Academic Profile

People Feature

Gwendolyn Sasse

Senior Research Fellow
Professor, Humboldt University, and Director of the Centre for East European and International Studies (ZOiS)

Research Interests: Post-Communist Transitions, Comparative Democratisation; Ethnic Conflicts; Minority Rights; EU Eastward Enlargement; EU Conditionality; Migration in Europe, Diaspora Politics; Contemporary Art and Politics.

Gwendolyn Sasse is currently the Director of the newly founded Centre for East European and International Studies (ZOiS) in Berlin and on secondment from Oxford. She is a Professorial Fellow at Nuffield College and Professor in Comparative Politics in the Department of Politics and International Relations and the School for Interdisciplinary Area Studies. Prior to her arrival in Oxford in 2007 she was a Senior Lecturer in the European Institute and the Department of Government at the London School of Economics. She holds a PhD in Political Science from the LSE (which was awarded the LSE Robert McKenzie Prize for the best dissertation). Her research has concentrated on different dimensions of regime change, with a particular emphasis on the post-communist region. Her book The Crimea Question: Identity, Transition, and Conflict, Cambridge, (Harvard University Press, 2007) won the Alexander Nove Prize, the Annual Book Prize awarded by the British Association for Slavonic and East European Studies. As part of a three-year project funded by the Leverhulme Trust she is currently working on the political behaviour of migrants, in particular the ‘political remittances’ migrants send ‘home’. This project combines original survey data, focus groups and interviews with contemporary migrants with an analysis of several thousand migrant letters sent from the US in the late 19th and early 20th centuries. She received an Oxford University Teaching Excellence Award in 2009.​ Since 2014 she has been a non-resident associate at the Think Tank Carnegie Europe.

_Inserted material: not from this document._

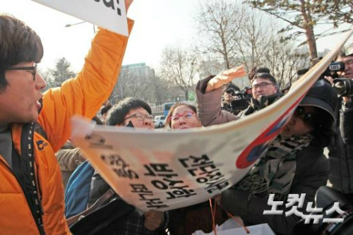 지난 1월 20일 서울 용산구 전쟁기념관 앞에서 열린 '자유북한운동연합'의 대북전단 살포에 대한 기자회견에서 탈북단체 관계자들이 기자회견 장소 옆에서 피켓시위를 벌이던 '전쟁반대 평화실현 국민행동' 회원의 전단살포 반대 피켓을 빼앗으려 하고 있다. (자료사진)
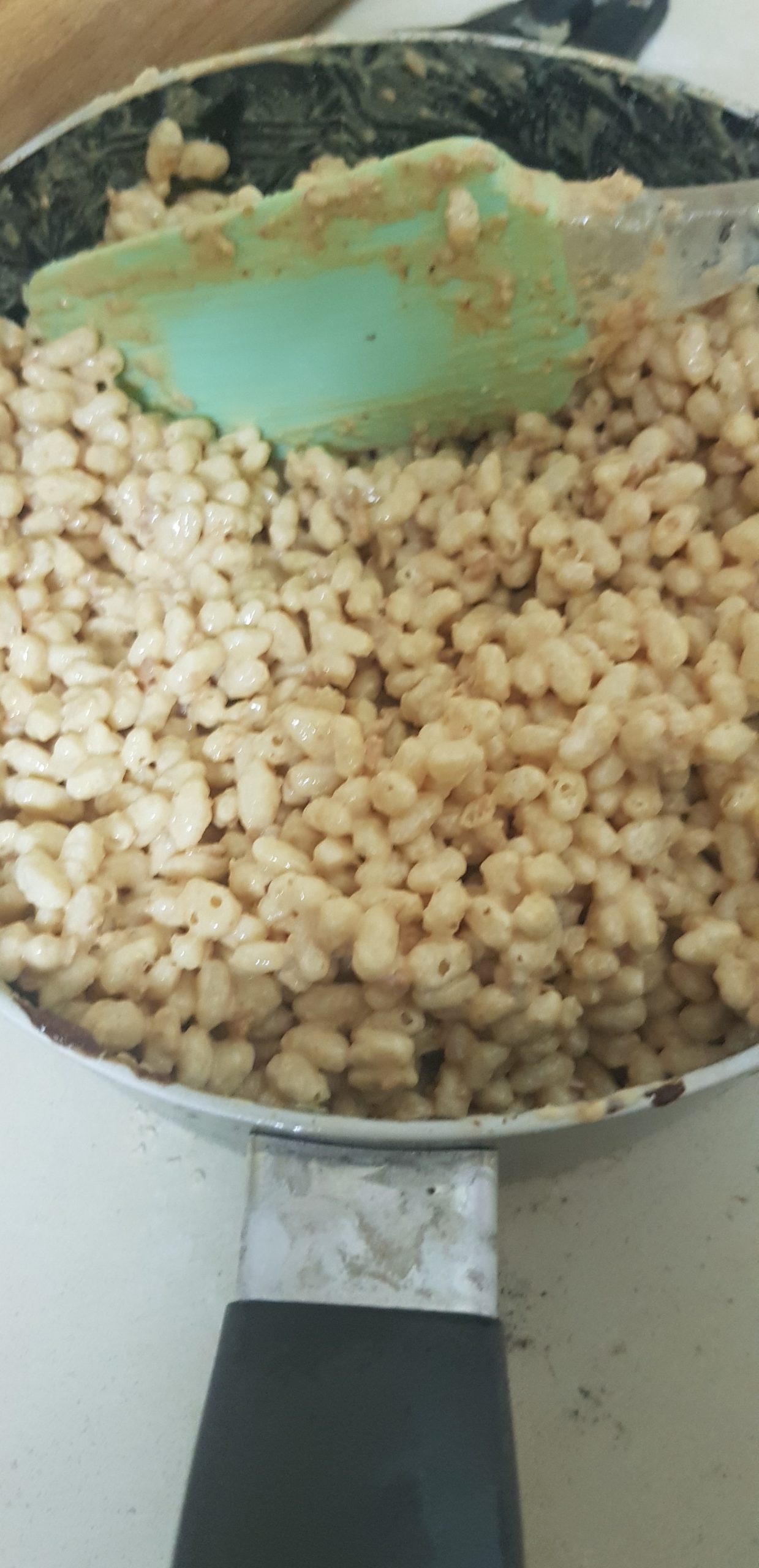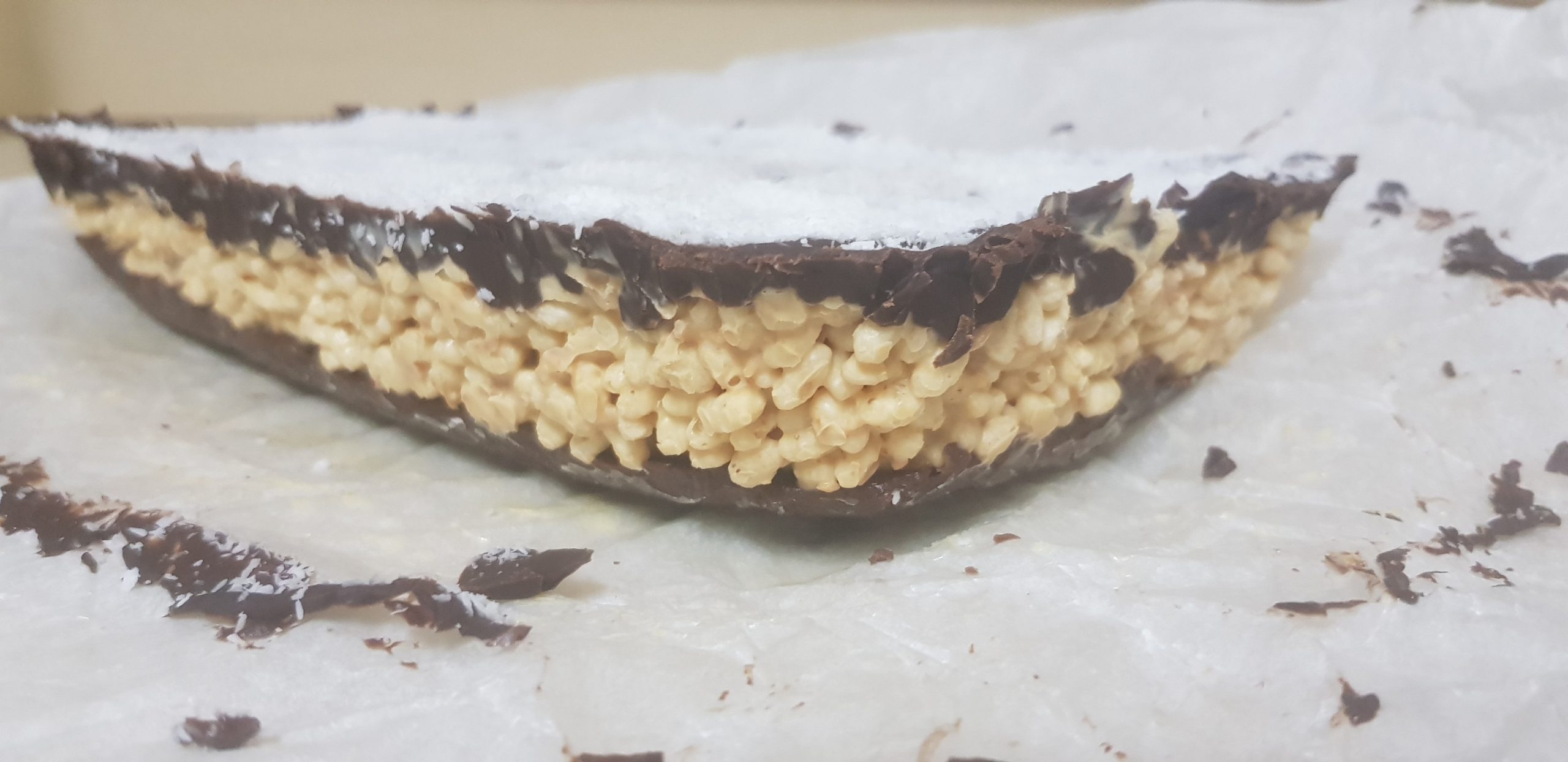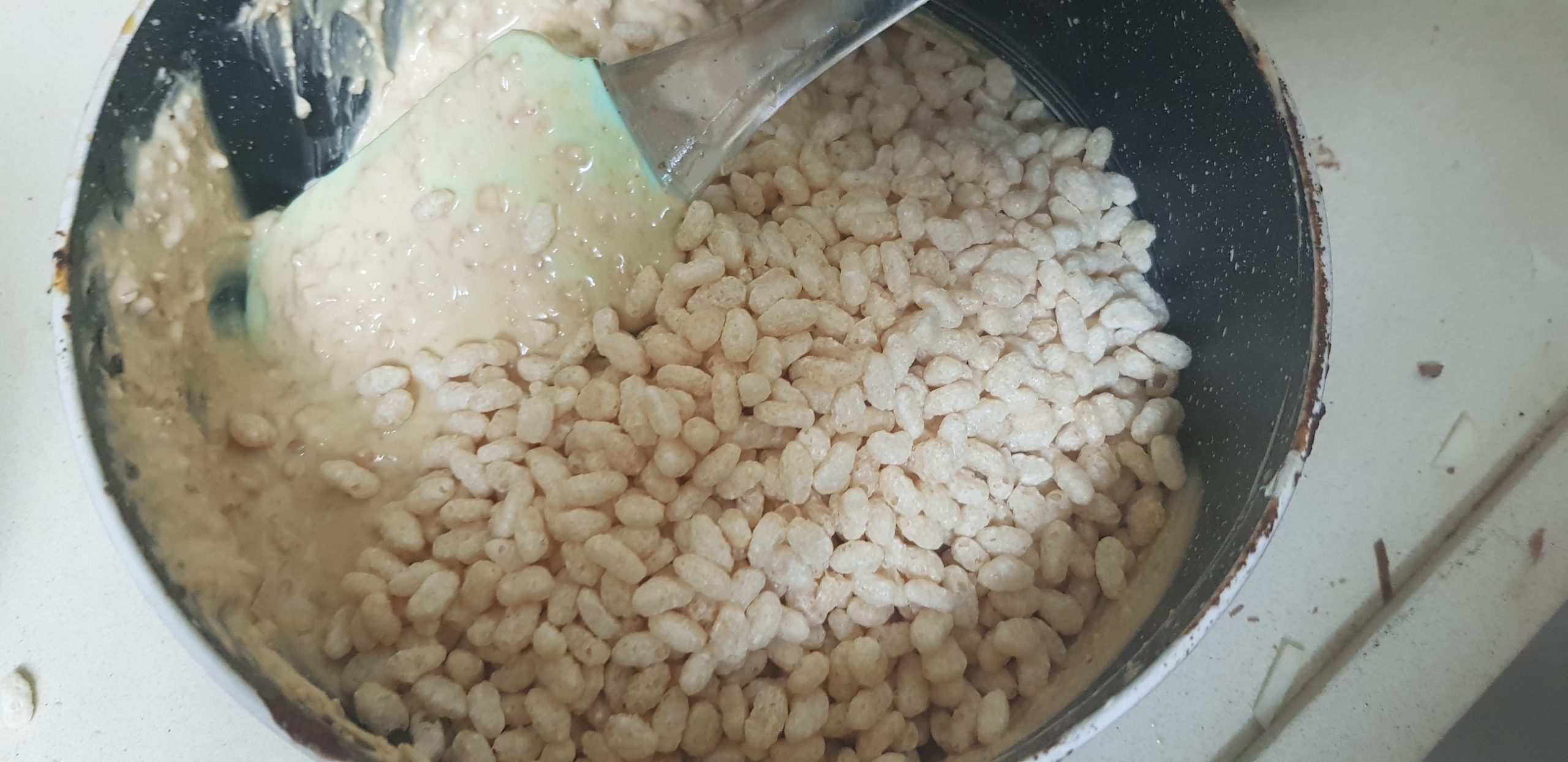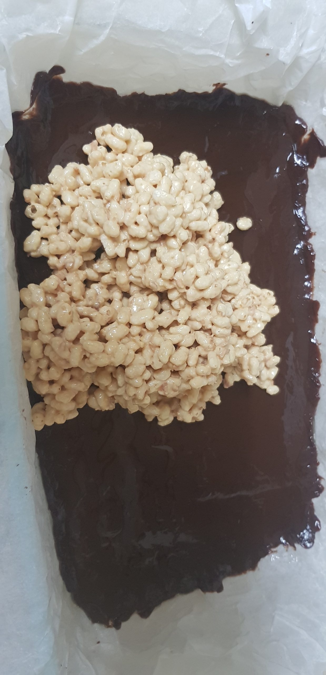 Retirer le plat du congélateur et verser le chocolat caramel et riz soufflé.. Aplatir bien, uniformément et mettre à nouveau au congélateur encore 1/2 heure ou jusqu’au durcissement

She is currently completing a multi-year project funded by the Leverhulme Trust on ‘Political Remittances: Understanding the Political Impacts of Migration’ (2013-17).​ As part of this project she has conducted surveys, focus groups and individual interviews with East European migrants. She is also working with a large text corpus of historical letters sent by German immigrants to their homeland in the 19th and 20th centuries.